Ameh, Charles, DAquino, Luigi, Jobin, Denis, Dickinson, Fiona, Mdegela, Mselenge, Mohammed, Hauwa, White, Sarah and Madaj, Barbara (2018) Impact Evaluation of Nigeria maternal, Newborn and Child Health Weeks. In: HSR2018 - Fifth Symposium on Health Systems Research, 8th to 12th October, 2018, Liverpool, UK. (Unpublished)

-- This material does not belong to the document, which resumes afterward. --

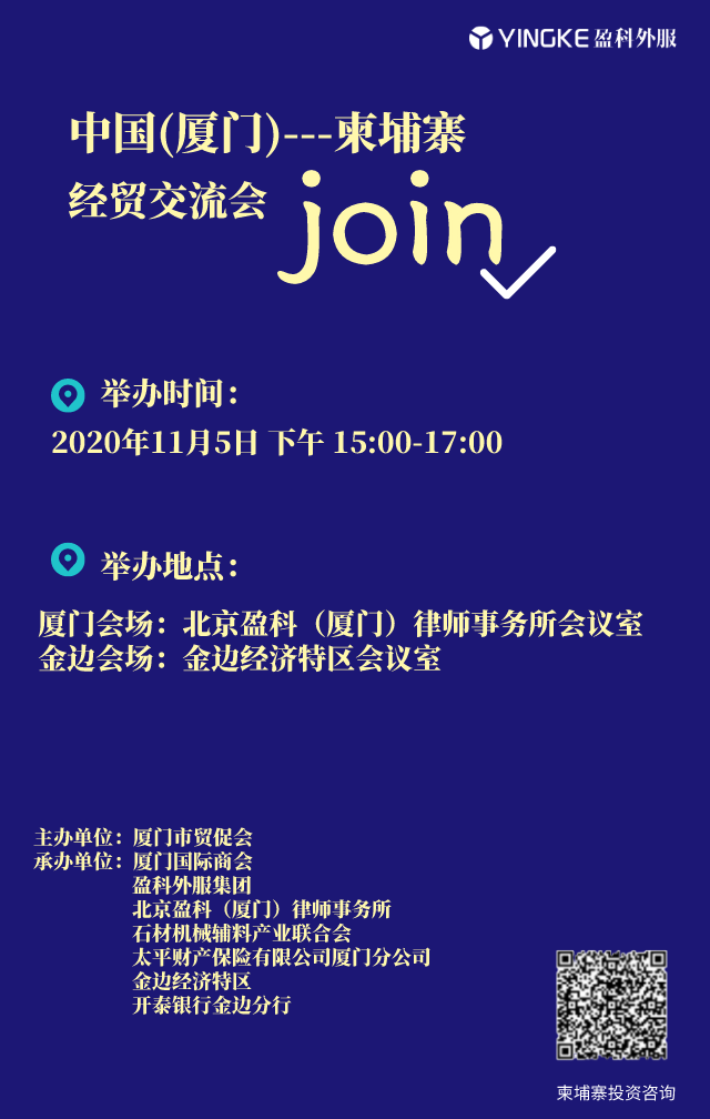 在中柬两国经贸合作开启新篇章之际,盈科外服集团联合盈科律师事务所等多家机构在福建省厦门市举办-柬埔寨贸易交流会,向厦门市有关企业宣导中柬自贸协定主要内容,解析协定释放的商机信息。同时我们也会邀请柬埔寨经贸主管部门及相关机构介绍柬埔寨经商环境,增进厦门企业对柬埔寨的了解,推动双边企业和产业合作。会议能容丰富多彩,欢迎各大企业踊跃参与。

Item Type: Conference or Workshop Item (Poster)

Abstract

Background
Due to insufficient progress in reaching Millennium Development Goals 4 and 5, the Nigeria Federal Ministry of Health approved and prioritized the implementation of the Maternal Newborn and Child Health week (MNCHW) to accelerate progress. The MNCHW is a week-long, bi-annual one-time delivery mechanism aimed at strengthening and consolidating routine Primary Health Care (PHC) services and significantly increasing coverage of core preventive and curative interventions that can improve health of mothers and children.
After 5-years of MNCHWs implementation, an impact evaluation (IE) was commissioned to 1)-Assess the extent to which the MNCHWs have been implemented as intended, 2)-Evaluate the extent to which the MNCHW has been adapted to the needs of intended target groups, 3)-Assess whether the intended outcomes of the MNCHW were achieved, and whether there were unintended outcomes, 4)-Identify lessons learned, and 5)-Make recommendations to strengthen the MNCHWs.
Method
An evaluability assessment concluded that, a credible, reliable and useful IE could be conducted. The IE was conducted using Theory based approach, specifically contribution analysis. The MNCHW Theory of Change (ToC) was refined and validated by stakeholders.
Twelve states and the FCT were systematically but purposefully selected for data collection.
Primary data was collected from a household survey-(n=5, 389), key informant interviews-(46) and focus group discussions-(28) were carried out. Secondary data was extracted from relevant reports, data sets and publications.
Results
Since inception the MNCHWs has not been implemented according to the MNCHWs implementation guidelines. Only 27.8% of women and children under 5-years in the HHS participated in the MNCHWs preceding the survey. The odds of attending the MNCHWs was 50 times more in women who were aware than those who were unaware of the MNCHWs (OR 47.3, 95% CI 34.6, 64.4). There was no evidence that the MNCHW has significantly contributed to coverage of essential MNCHW interventions or improved MNCH outcomes. Other key findings were poor political commitment to funding, inconsistent implementation approach, dependency of PHC functioning on MNCHWs, weak MNCHW implementation monitoring system, ineffective social mobilization strategy, negative effect of immunization-plus-days on MNCHWs planning and implementation, and poor training of health care workers.
Conclusion
The intended outcomes of the MNHWs have not been achieved and the PHC system has not been strengthened.
Thirteen policy and operational levels recommendations were made to improve its implementation and phase-out to allow for full implementation of a new national PHC policy in the SDG era.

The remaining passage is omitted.